(Extracted records)
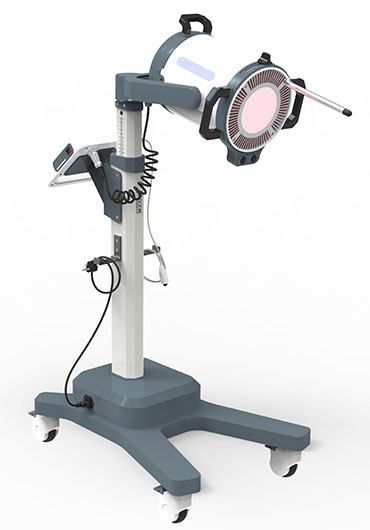 高能紅外線,采用波長為400nm-1400nm之間的寬波段光譜(包含全部紫、黃、紅等可見光和近紅外線光譜),采用高能量鹵素介質(zhì)光源受激發(fā)射產(chǎn)生。由于可見光及近紅外線均處于“人體光學(xué)窗口”波段,人體組織中的水對其吸收較少,同時采用高功率光源照射,使具有高能量的光譜穿透表皮,達到人體深部組織,透射深度達15cm,治療效果顯著。具有緩解深部疼痛;消除慢性炎癥及腫脹、改善局部血液循環(huán);降低肌張力、緩解肌痙攣;促進傷口愈合及組織修復(fù)的臨床作用,對局部和大面積的深部病灶部位可發(fā)揮整體治療作用。
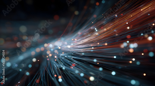 © Biru Langit Desember, Fototapeta premium Abstract light trails with bokeh effects create a modern and dynamic background showcasing blurred lines of light in motion perfect for technology designs and energy
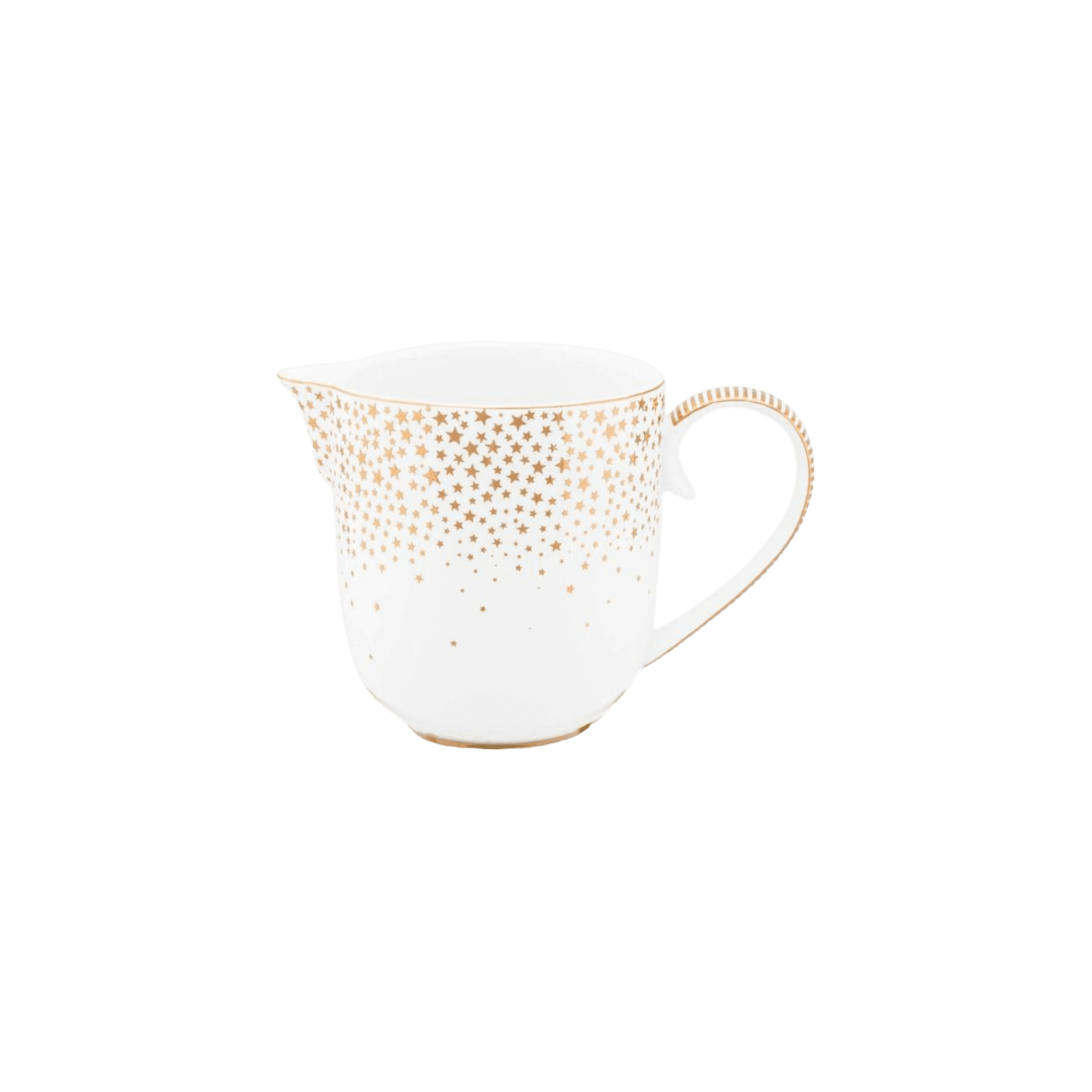 Šī svētku piena krūze ir dekorēta ar Royal Winter White dizainu, kas ir lieliski piemērota jūsu trauku kolekcijai svētkiem. Krūze ir dekorēta ar dažāda izmēra zvaigznītēm un rokturis rotāts ar zeltainām svītrām
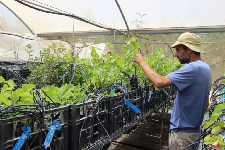 Propagations of living landrace relic grapes at a heritage nursery at Moshav Shekefin the Negev,are inspected by nursery manager and research colleague Assaf Bashan. They are clones of relic grapes endemic to the region sourced during the researchers’ fieldwork in the Western Negev. Photo courtesy of University of Haifa
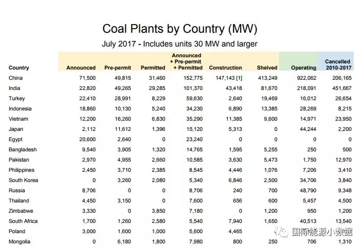 根據(jù)ENDCOAL ORG的全球煤電追蹤系統(tǒng)的數(shù)據(jù),2017年7月份全球共有76個(gè)國(guó)家和地區(qū)擁有在運(yùn)的煤電廠(30兆瓦以上),總裝機(jī)容量為1,965 3吉瓦
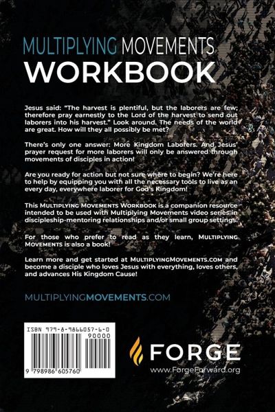 Jesus said, "The harvest is plentiful, but the laborers are few; therefore pray earnestly to the Lord of the harvest to send out laborers into his harvest." Look around. The needs of the world are great. How will they all possibly be met? The only way the great needs of the world can be met is through more Kingdom laborers. And Jesus' prayer request for more laborers will only be answered through movements of disciples in action! Are you ready for action but not sure where to begin? We're here to help by equipping you with all the necessary tools to lives as an every day, everywhere laborer for God's Kingdom. This Multiplying Movements Workbook is a companion resource intended to be used with the Multiplying Movements video series in discipleship-mentoring relationships and/or small group settings. Learn more and get started at MultiplyingMovements.com and become a disciple in action who loves Jesus with everything, loves others, and advances His Kingdom cause! For more discipleship and evangelism resources, check out ForgeForward.org, where we help everyday followers of Jesus answer His prayer for More Kingdom Laborers!
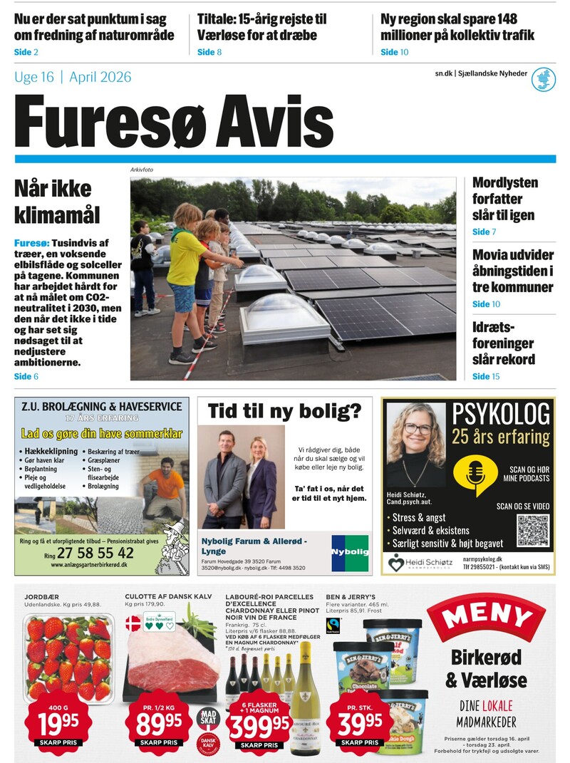 Nu er der sat punktum i sag om fredning af naturområde Tiltale: 15-årig rejste til Værløse for at dræbe Ny region skal spare 148 millioner på kollektiv trafik Side 2 Side 8 Side 10 Uge 16 April 2026 Arkivfoto Når ikke klimamål Furesø: Tusindvis af træer, en voksende elbilsflåde og solceller
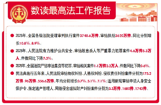 报告着重强调“恪守公平正义”,围绕“保障高水平安全”“服务高质量发展”“守护高品质生活”“助力高水平开放”等方面,回顾了2025年人民法院各项工作。
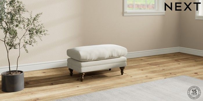 7.2.10 Hutton Deep Relaxed Sit Footstool Luxe Chenille Oyster High Turned - Mid | Made Click here to use our website with more accessibility support, for example screen readers
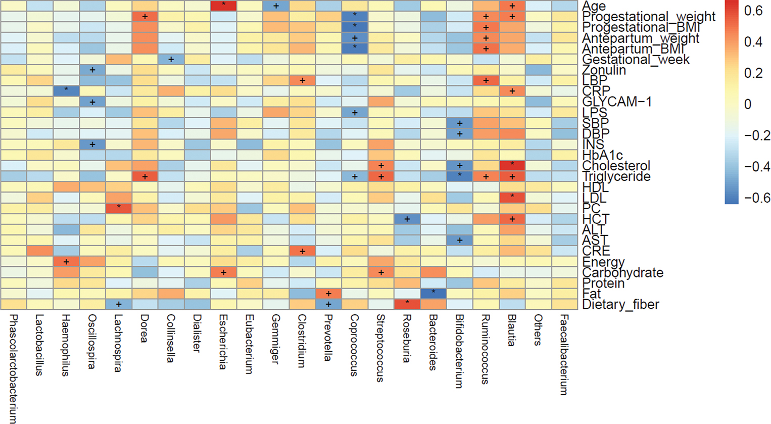 Fig. 6. The correlations between different maternal clinical parameters and gut microbiota genus in the two groups. Spearman’s rank correlation coefficients and P-values for the correlations are shown (‘+’: P<0.05; ‘*’: P<0.01). LBP: lipopolysaccharide-binding protein; CRP: C-reactive protein; GlyCAM-1: glycosylation cellular adhesion molecules; LPS: lipopolysaccharide; SBP: systolic blood pressure; DBP: diastolic blood pressure; INS: insulin; HbA1C: glycosylated haemoglobin; HDL: high-density lipoprotein; LDL: low-density lipoprotein; PC: platelet count; HCT: hematokrit; ALT: alanine transaminase; AST: aspartate transaminase; CRE: creatinine.
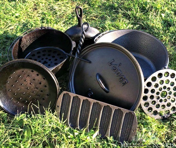 Every pioneer home had a cast-iron skillet. No matter how poor or rich, they all cooked their food with a cast iron pot or pan. Every meal, no matter if cooking outdoors over an open flame on a campfire, on top of the woodstove, a burner on the stove, or in an oven, could be prepared in a cast-iron skillet or Dutch oven (here are 25 of my favorite cast iron recipes).
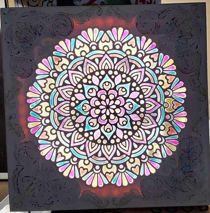This is the first project I’ve posted on here. I decided to see how far I could push the Mandala in the free files. This was a long pain staking process of painting each individual piece and then placing them into the frame. Added some USB LED strips on the back and gave it an aged look. It was a lot of fun. I’ve had my Glowforge a little over a month. Can’t wait to move on to the next project.
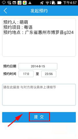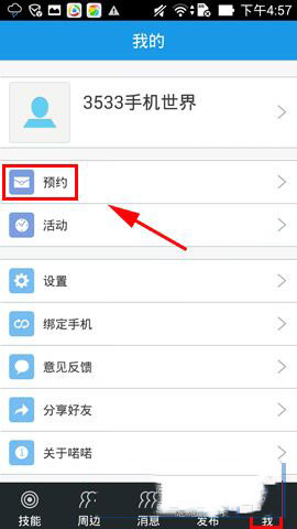 3)设置好日期及时间点击【提交】即可发出预约,返回主界面点击【我】选择【预约】。
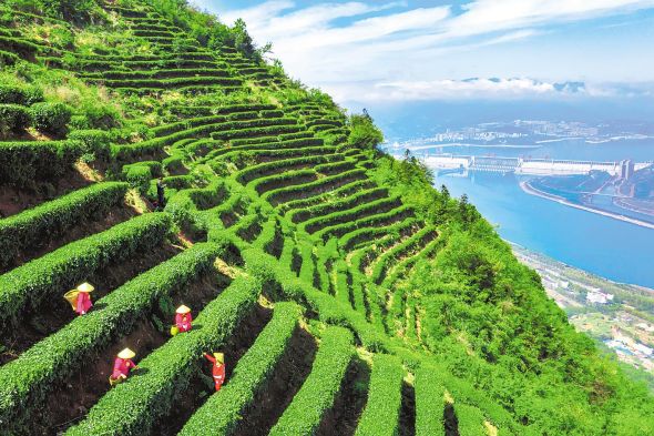 宜昌市夷陵區(qū)三斗坪鎮(zhèn)黃牛巖農(nóng)民利用梯田建設(shè)青云頂茶山小鎮(zhèn),發(fā)展農(nóng)旅融合產(chǎn)業(yè),讓游客體驗茶文化、觀賞大壩勝景。(湖北日報全媒記者 陳勇 攝)
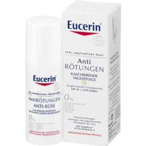 Eucerin Anti-Rötungen Kaschierende Tagespflege LSF 25 wurde speziell für sehr empfindliche Haut und zur Pflege bei Rosazea/Couperose entwickelt. Nach dem Reinigen aufgetragen beruhigt die Tagespflege Irritationen sofort und kaschiert Rötungen. Ihre innovative Formel kombiniert die Inhaltsstoffe: und
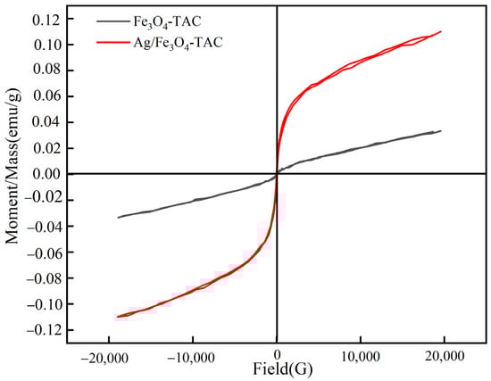 The magnetic characteristics of Fe3O4-TAC and Ag/Fe3O4-TAC were evaluated (Figure 6). The magnetic hysteresis curves elucidate the correlation between the applied magnetic field (Gauss) and the magnetic moment per unit mass (emu/g) for each material. For the Fe3O4-TAC, the coercivity is quantified at 30 G, accompanied by a magnetization of 0.0334 emu/g. The hysteresis loop for this material exhibits a relatively narrow profile, signifying that it possesses a moderate resistance to fluctuations in its magnetic state and a modest magnetic moment. Such behavior is characteristic of magnetically soft materials, wherein the magnetization can be readily reversed with minimal energy expenditure [34]. Ag/Fe3O4-TAC reveals a reduced coercivity of 18.79 G coupled with a considerably elevated magnetization of 0.1099 emu/g. The hysteresis loop for this material is broader and exhibits a steeper gradient, particularly at the initial slope, which signifies a more robust and rapid magnetic response to the applied field. The diminished coercivity implies that the incorporation of silver nanoparticles decreases the energy requisite for altering the magnetization state, rendering the material more reactive to external magnetic fields [35]. Concurrently, the augmented magnetization reflects an enhanced magnetic moment, likely attributable to the supplementary magnetic contribution from the silver nanoparticles and their interaction with the magnetite coating. The morphology and attributes of the hysteresis loops illustrate that Ag/Fe3O4-TAC demonstrates superior magnetic properties, thereby rendering it more advantageous for applications necessitating high magnetic sensitivity and efficiency. The elevated magnetization and reduced coercivity of Ag/Fe3O4-TAC indicate its capability to achieve a more potent magnetic response with diminished resistance to demagnetization.

### What this task involves
Above are some records; extract exactly the lines from the one containing "This is the" through the one containing "3)设置好日期及时间点击【提" and drop the pictures.

### Solved exercise
This is the first project I’ve posted on here. I decided to see how far I could push the Mandala in the free files. This was a long pain staking process of painting each individual piece and then placing them into the frame. Added some USB LED strips on the back and gave it an aged look. It was a lot of fun. I’ve had my Glowforge a little over a month. Can’t wait to move on to the next project.
 3)设置好日期及时间点击【提交】即可发出预约,返回主界面点击【我】选择【预约】。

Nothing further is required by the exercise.